As a leader of project teams, I admit that I can get impatient with the slow process of team development, as they go through the classic stages of forming, storming, norming and finally performing. And even when they make it through these stages, the team bond is often only a surface level cooperation. It isn’t enough to achieve the miraculous performance that some teams manage to attain. The good news is that science has discovered the secret to team spirit, showing how it leads to greater performance and how to facilitate it.

What’s the Crucial Element of Team Spirit?

There is literally an electromagnetic field that surrounds a team and connects all members. This field can be scientifically detected and is comprised of the energy emitted by the heart of each member. When this field is strong and emotionally positive, it boosts the performance of each member, actually making them cognitively smarter and more creative. It also facilitates an unseen communication among all members that fosters cooperation. This field is quite literally the team’s spirit.

The key to exceptional team spirit is the emotional bond between the members. If there are seven members on a team, the team’s field will be strongest when each member feels a reciprocated emotionally positive connection with each of the other six members. Elite teams pay close attention to this emotional unity. Only some teams form this type of connectivity, but can it be intentionally cultivated?

How can You Nurture Emotional Unity in a Team?

Creating emotional team events can spark an exceptional team spirit. I remember attending a leadership retreat shortly after I joined a large corporation. We had all been asked to send in two pictures of our family prior to the retreat. As we walked into the meeting room the first morning, the family photos were being displayed, set to emotional music such as We May Never Pass this Way Again. We all became engrossed in watching the pictures, with nobody saying a word. I recall that I had been talking with someone while walking down the hall, but as soon as I felt the energy in the room, all I could do was get caught up in the moment. The emotional connection that this formed between us sparked a bond that lasted many years and fostered many triumphs.

I often do something similar with project teams. Each member is asked to put together ten to fifteen slides that depict “what moves their soul” or “what gives their life meaning”, along with a descriptive caption that appears on the slide. We call it “Pecha Kucha”, which originates from a Japanese event where pictures are shown in rapid succession. In a team setting, each person’s slides are shown, with each slide being displayed about six seconds. People usually include photos such as their wedding day, their children or pets, social causes they care about, and memorable occasions such as hikes with friends or special vacations. When we have these Pecha Kucha events and people see their teammates’ heartfelt pictures, it has a way of melting away any animosity or pettiness that exists between them. They instantly feel a deeper bond, and the more emotional the pictures, the deeper the bond.

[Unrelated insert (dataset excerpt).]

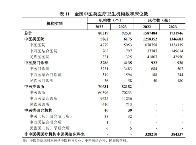 其中:中醫(yī)類醫(yī)院 6175 個,中醫(yī)類門診部、診所 86317 個,中醫(yī)類研究機(jī)構(gòu) 39 個。與上年比較,中醫(yī)類醫(yī)院增加 313個,中醫(yī)類門診部及診所增加 11900 個,2023 年,全國中醫(yī)類醫(yī)療衛(wèi)生機(jī)構(gòu)床位 173.2 萬張,其中:中醫(yī)類醫(yī)院 134.7 萬張(占 77.8%)。
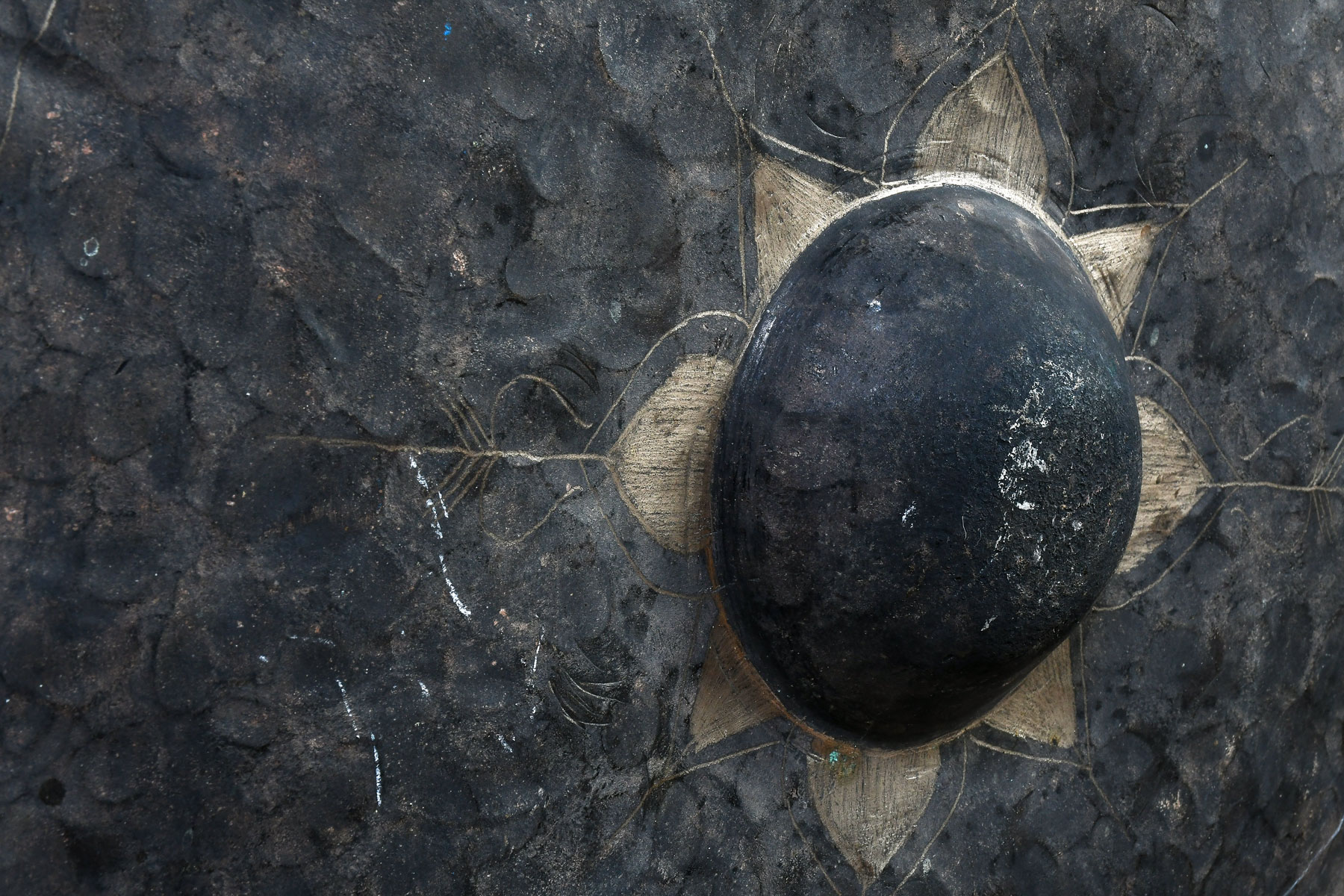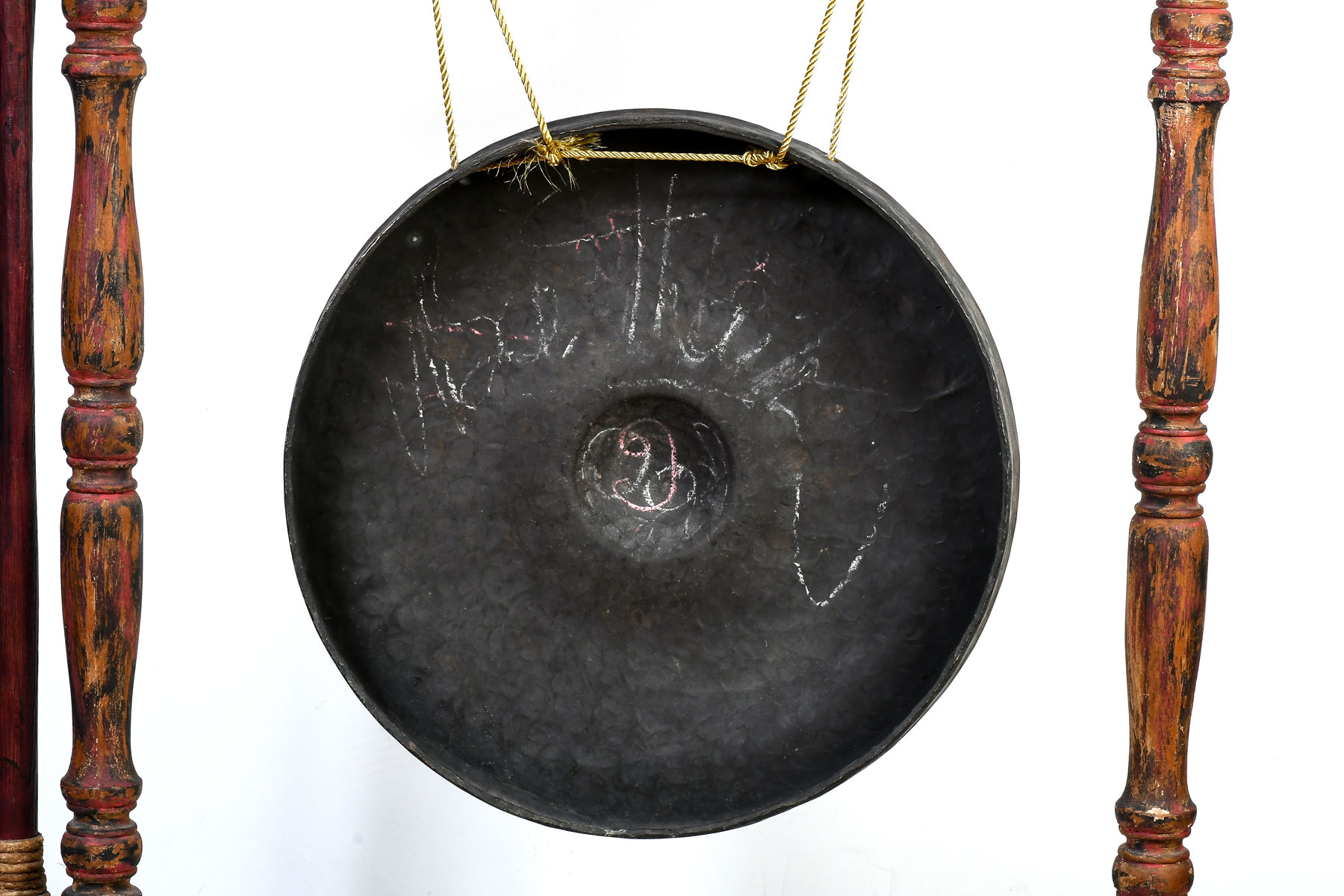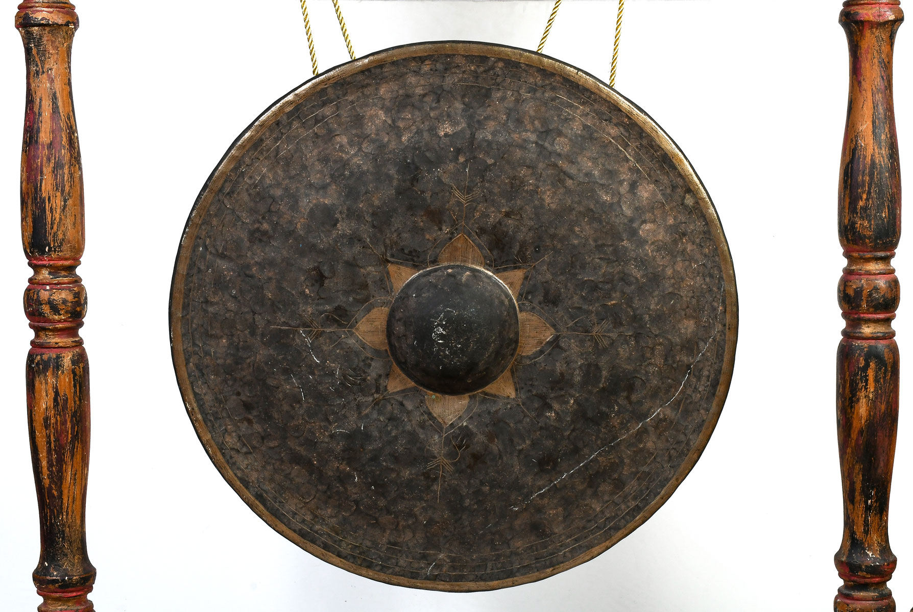 EARLY LARGE ASIAN GONG WITH STAND & STRIKER: Brass or Bronze Gong hangs from later Dragon Motif carved and painted stand, Gong is 22.5'' diameter, stand is 53'' h., 45'' w. Est. $500/700**

Emotional events can also be heartfelt discussions among team members. Like many businesses, we have periodic team reviews, where teammates review how they’re doing. The key is getting people to really open up, to share their deepest thoughts, and they often need a role model. I recall one situation where there were ten people on the team, and we had been halfway around the circle, but the discussion had only been typical, superficial business talk. Then it was my turn. I opened up, sharing my deepest fears about our inability to satisfy some customers, as well as my jubilation about certain accomplishments. I expressed my emotion so authentically that we all felt something shift in the room. Following my lead, the rest of the team found it possible to express their deepest emotions, and we all left the room feeling the greater connection. This team became the one most sought after by customers.

Left on their own, teams may develop these kinds of emotional bonds over time. But why chance it, and why delay it? Help them get emotional and create that team spirit that we all crave.

As we learn more from neuroscience about the incredible power of group emotions, we see reasons to adopt techniques beyond the ordinary. For more on shaping team emotions to increase creativity and performance, including research references, get notified of the upcoming book Primal Teams: Harnessing the Incredible Power of Group Energy or sign up for a monthly summary of articles.


About the Author:

Jackie Barretta is a writer, speaker and consultant helping organizations strengthen agility and performance by shaping emotional energy. She is a thought leader bringing to light the new science of group emotional energy and connecting it to business performance. She has had a 28-year award winning career as a C-level Fortune 500 executive and Big Four consulting firm professional.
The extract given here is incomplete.